The sheer copiousness of this show is paralleled by the startling number of galleries in Auckland. The art of the art schools, the public galleries, and the awards have frequently been strenuously conceptual. A great deal of the serious art is installational, which is largely unsaleable.
The Auckland Art Gallery, embroiled in fundraising for its extensions, has not had quite the central place it has in past years. Nevertheless, it managed to stage from its own resources a fine exhibition of etching called Masters of Bitten Line and a splendid choice of paintings from its McCahon collections, supplemented by a show of his Titirangi paintings at Lopdell House.
The gallery's history and its collections were commemorated stunningly by John Reynolds' hall of silver lettering in the 54321 show.
The biggest exhibition was The Art of the 60s, which seemed a little tired. What had been shocking half a century ago now seems safely tucked up in bed with art history.

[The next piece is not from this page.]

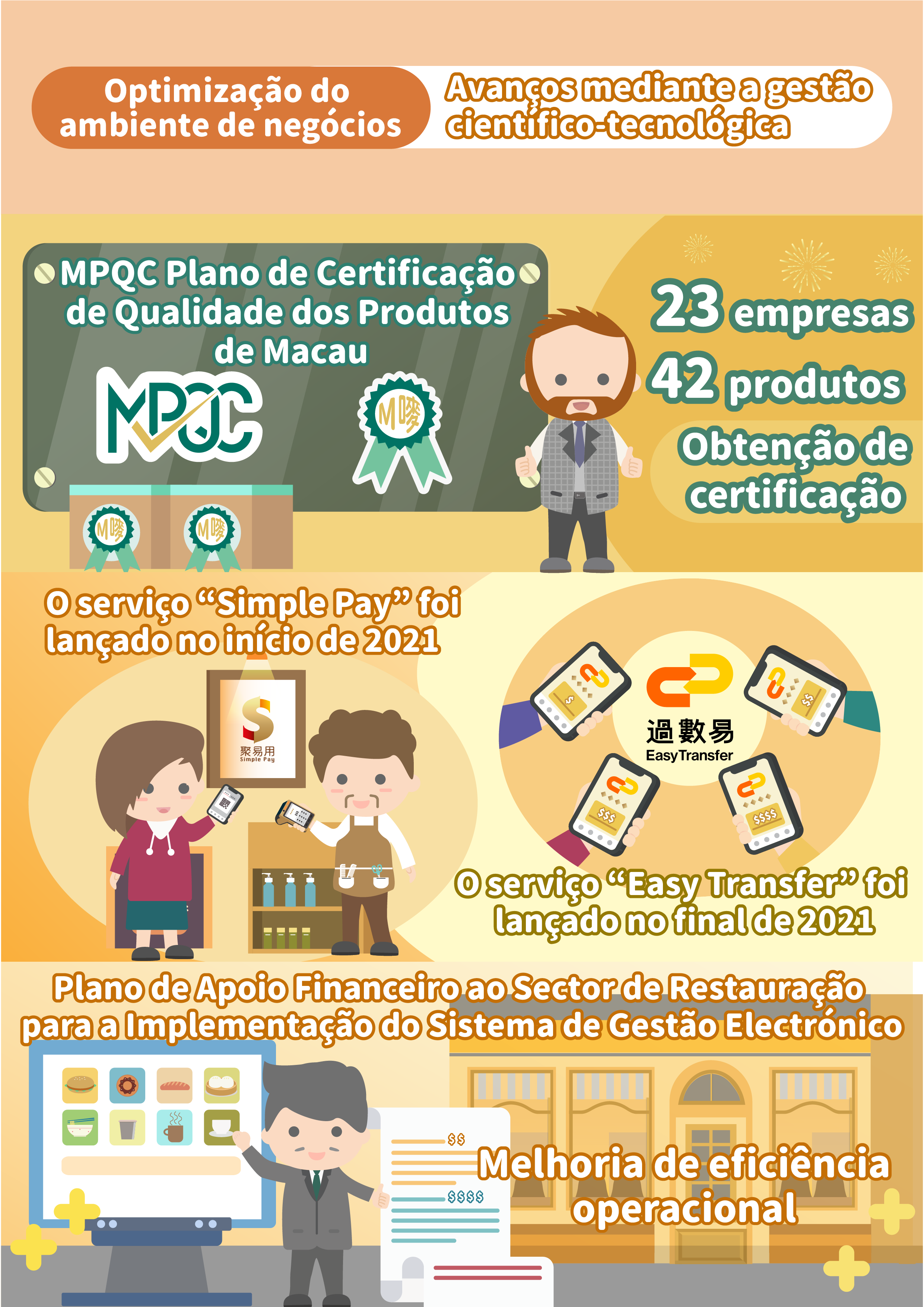 O Governo da RAEM tem envidado esforços na melhoria do ambiente comercial e na revitalização da economia comunitária e continuado a adoptar múltiplas medidas interdepartamentais para ajudar as empresas de Macau a elevar as suas competências e alargar a base industrial, apoiando o desenvolvimento sustentável de diversas indústrias.

At the New Gallery, the contemplative exhibition by Wolfgang Laib - which used masses of soft, yellow, sweet-scented pollen - lingers in the memory.
The Walters Prize Show, which might have been controversial, passed almost without notice.

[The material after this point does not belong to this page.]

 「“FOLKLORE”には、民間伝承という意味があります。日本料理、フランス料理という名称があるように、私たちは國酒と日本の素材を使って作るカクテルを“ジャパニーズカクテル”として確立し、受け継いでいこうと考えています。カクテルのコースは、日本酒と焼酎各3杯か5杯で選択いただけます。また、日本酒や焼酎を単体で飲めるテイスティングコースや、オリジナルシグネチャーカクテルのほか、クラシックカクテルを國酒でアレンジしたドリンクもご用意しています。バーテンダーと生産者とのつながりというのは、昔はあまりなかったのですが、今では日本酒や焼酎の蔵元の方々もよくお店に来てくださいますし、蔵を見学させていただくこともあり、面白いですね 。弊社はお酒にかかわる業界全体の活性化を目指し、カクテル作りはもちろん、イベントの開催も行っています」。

The best things that came to us from overseas in the dealer galleries were works from our own Jacqueline Fraser, whose stylish show was satire on being stylish, and Tony Oursler, whose speaking heads, created using projection, spoke movingly of the nature of suffering and isolation.
From the mass of art offered at the galleries, much of it interesting, some names emerged leading the charge.
Rohan Wealleans, with his layered paint and his excavating, cutting and slashing, had two exhibitions and carried off the valuable Wallace Award with a big torso-like object swinging from a gallows.
The Wallace Award produced a lively exhibition of finalists, and the works sat well in the Aotea Centre and the Wallace Gallery.
Also at the cutting edge was the work of Sara Hughes, whose vivid, angular explosions launched themselves across the walls of the Gow Langsford Gallery and provided a visual counterpart for the millions of electronic messages constantly flashing around the world.
An established artist who maintained his reputation was Paul Dibble, whose skill in casting bronze gave strength to his huge sculptures, which seemed to sum up Pacific life and history in their powerful curves.
Another was Peter Robinson, finalist in the Walters Award, who filled Artspace with a great, romping, comic sculpture in polystyrene.
For the rest there was masses of good work of a standard astonishing for a city the size of Auckland. A few artists grappled with themes on a deeper level, notably Seraphine Pick and Richard Lewer.
The year saw the death of Trevor Moffit, an artist underrated here, who in his strong, rough, forceful way made memorable images from New Zealand legend and history.
There were some surprises. Tom Mutch - bard of Taranaki and the Coromandel - went his highly individual way by staging a show of painting and sculpture in a studio in Karangahape Rd.
Alice Blackley wove word-spells at the Bath Street Gallery in her unobtrusive way, and Jonathan Campbell created an unexpectedly stunning exhibition by casting kettles and teapots and power cords in bronze at Oedipus Rex Gallery.
Throughout the year hundreds of artists have had the bravery to put their hearts and souls on the walls of galleries for the public to accept, reject or pass opinions on. These acts of courage give metaphorical force to what seemed frivolous performance art by Martin Creed, the visiting English artist. When he filled a gallery with balloons, opened the door and let them float off to their fate, it was like our artists sending their work into the world and adding enormously to the life of the city.